While reading norwegian online newspaper, I found an article about a debate going on there: it’s about fordidding, or not, wedding between cousins.
The major argument of pro is that they think it’s very hard for someone to refuse marrying (strong family pressure) a cousin so it’s a major source of forced weddings…
but Pakistani is the main non-european immigrant community in Norway, and someone came with an astonishing statistic: 50% of Pakistanis living in Norway are married with cousins:eek: Do you believe it? (link to the article below, sorry it’s in norwegian) http://www.aftenposten.no/nyheter/iriks/article1059040.ece
So one can say it’s directed against Pakis first…anyway do you think forbiding cousin marige is an efficient way to prevent forced wedding?
other people think you only need to raise legal marital age to prevent it..like Denmark where it’s forbidden to live with a non-EU national below the age of 24 (as a result those who want it go to Sweden)…
ok as far as I know general measures against forced marriage allways deprive someone else right to marry who one wants (may it be a cousine, a young foreigner…) while it’s not solving the problem of those who suffer.
I guess finacial support and justice help to those who can escape forced wedding is better. I know some parents have been sent to jail in France because they had forced their young daughters to marry strangers in their african native village…
I’d like to know fellow guppies opinion on that topic…and are there guppies in North Europe?
That’s easy to believe .. I have a book by a French academic at home where he states that around 42% of Pakistanis in Pakistan are married to cousins. Pakistan has the highest rate of cousin marriages in the Muslim world.
Surprisingly, Iran, which is right next door, has one of the lowest rates of cousing marriages. I think Iran’s rate is 3%.

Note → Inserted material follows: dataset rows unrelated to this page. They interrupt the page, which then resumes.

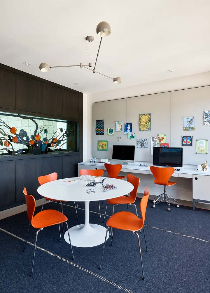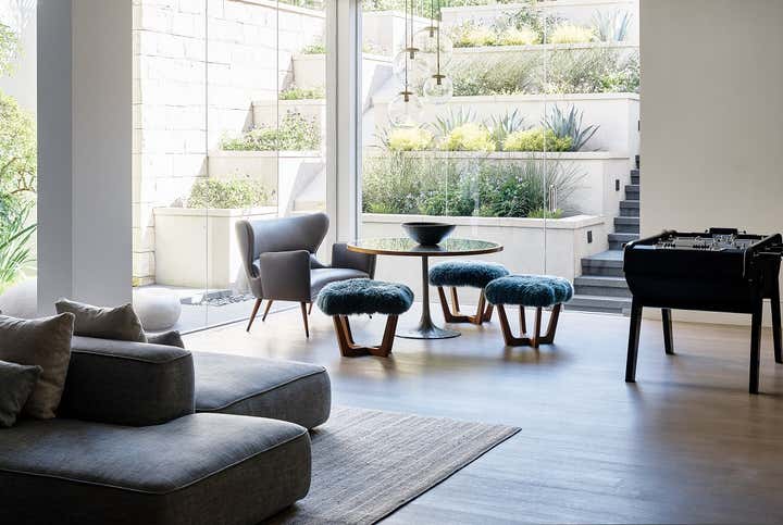 This 14,000 square foot home was designed for a high-profile alternative energy CEO and his young, active family. The clients have a European sensibility and requested unique, custom pieces throughout the three-level main home and pool house. The design is centered more on texture and form than color given that they had a strong preference for quiet, beautiful furnishings.
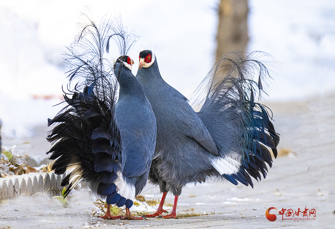 近日,祁連山國家公園甘肅省管理局張掖分局工作人員拍攝到國家二級保護野生動物藍馬雞覓食嬉戲場景。
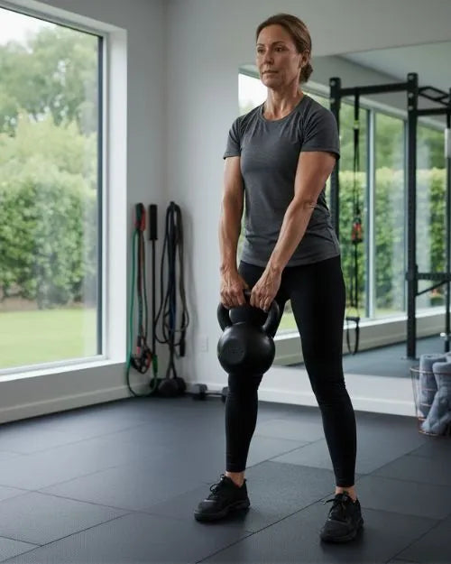 Ja, natürlich, wenn du einen rutschfesten Boden oder eine Sportmatte hast und genügend Platz, kannst du auch in deinem Zuhause Kettlebell Übungen machen.
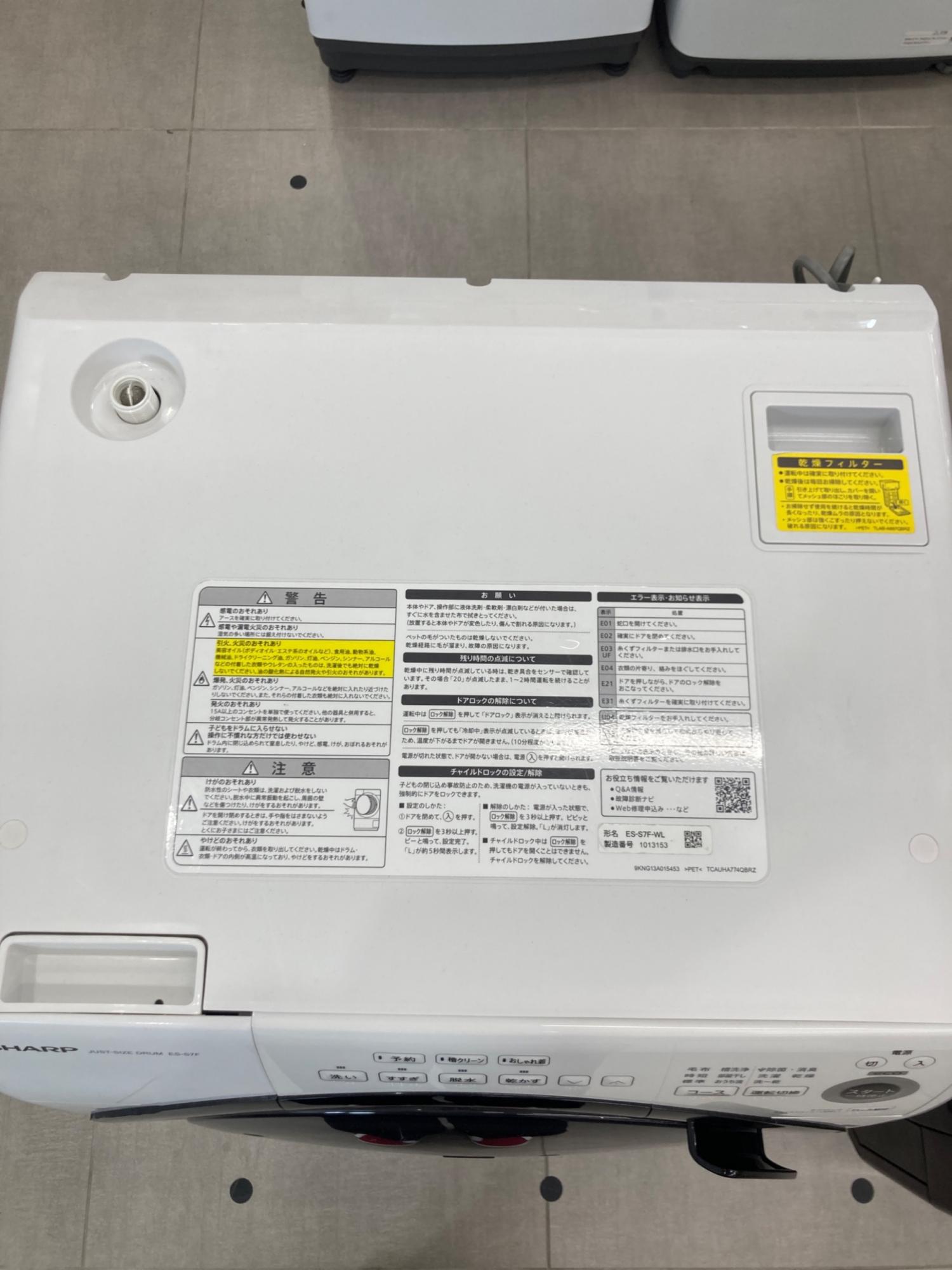 SHARP (シャープ) ドラム式洗濯乾燥機 ES-S7F-WL 2021年製 キズ有
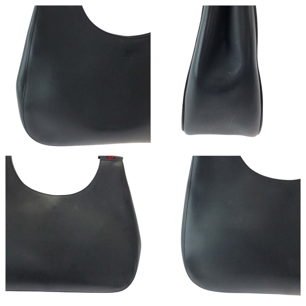 GUCCI Shoulder Bag 001 3739 leather Black black red One Shoulder Bag Bamboo Women Used Authentic
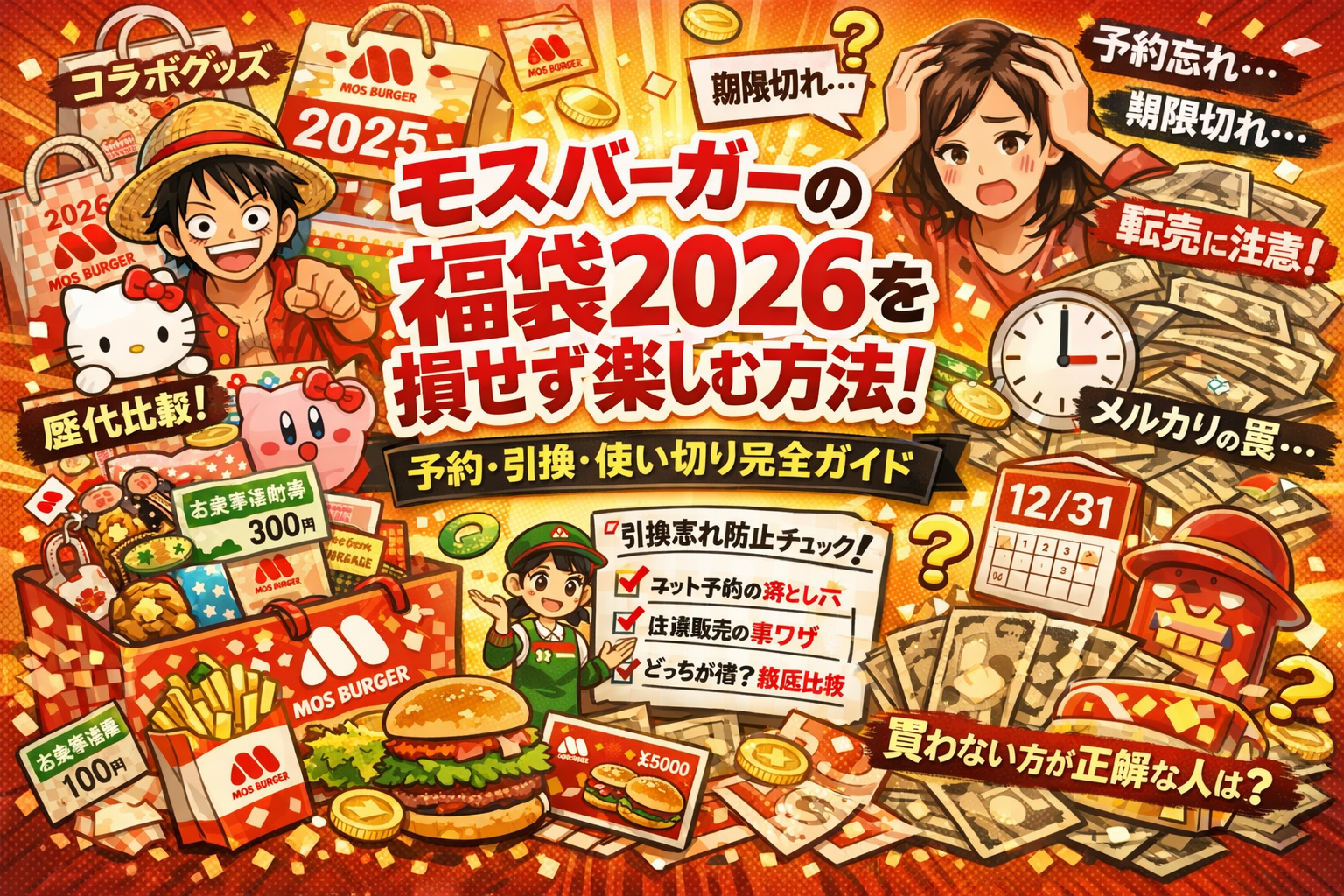 モスバーガーの福袋は、「買えたかどうか」よりも「使い切れたかどうか」で手元に残る現金が決まります。2026年版モスバーガー 福袋も、予約期間や店頭販売の有無、ワンピースやサンリオとのコラボ中身だけ追いかけていると、気づかないうちに三重の損失が積み上がります。

This has been discussed on GS a couple of times before. I think a major part of it is that in Pakistani culture, a marriage is between more than just the two individuals - a marriage is a tie of two families.
People are not just concerned about their child marrying a partner who is compatible with their child - they also need to make sure that their child married into a family that is compatible with them.
When someone marries their cousin, they are marrying into a family their own family has known intimately from the very beginning. The amount is risk is thus reduced.
Also, in a culture that prizes loyalty to family, cousin marriages are an opportunity allow two branches of the same family to prove how loyal they are to each other.
Obviously different pakistani families have different attitudes to cousin marriages. I know some that just don’t do it at all, some that only do cousin marriages, some that dislike them but occasioanally do them, and some that generally do cousin marriages but who are open to “outsiders”.
In my own family, they are generally very rare. When they do happen, it generally tends to be between second or third cousins (i.e someone marrying the daughter of their mother’s cousin), or the grandson of their grandfather’s cousin.
I read in a magazine that it's illegal in 23 states of USA to marry your first cousin :-. I used to think it was really nasty, but now ever since I found out how common it is in Pakistan it's like yea whateva.
it was so much hoped for in our family at one point to marry to this cousin and that cousin.
now story is none of my cousins are married to any cousin in the family :)
we are total 7 from fathers side including me and my sisters
and 11 from mothers side.
oh i missed my phupho - army she managed to have 7 equalise the total number of her 4 brothers have combined.
none of above mentioned cousins got married to cousins.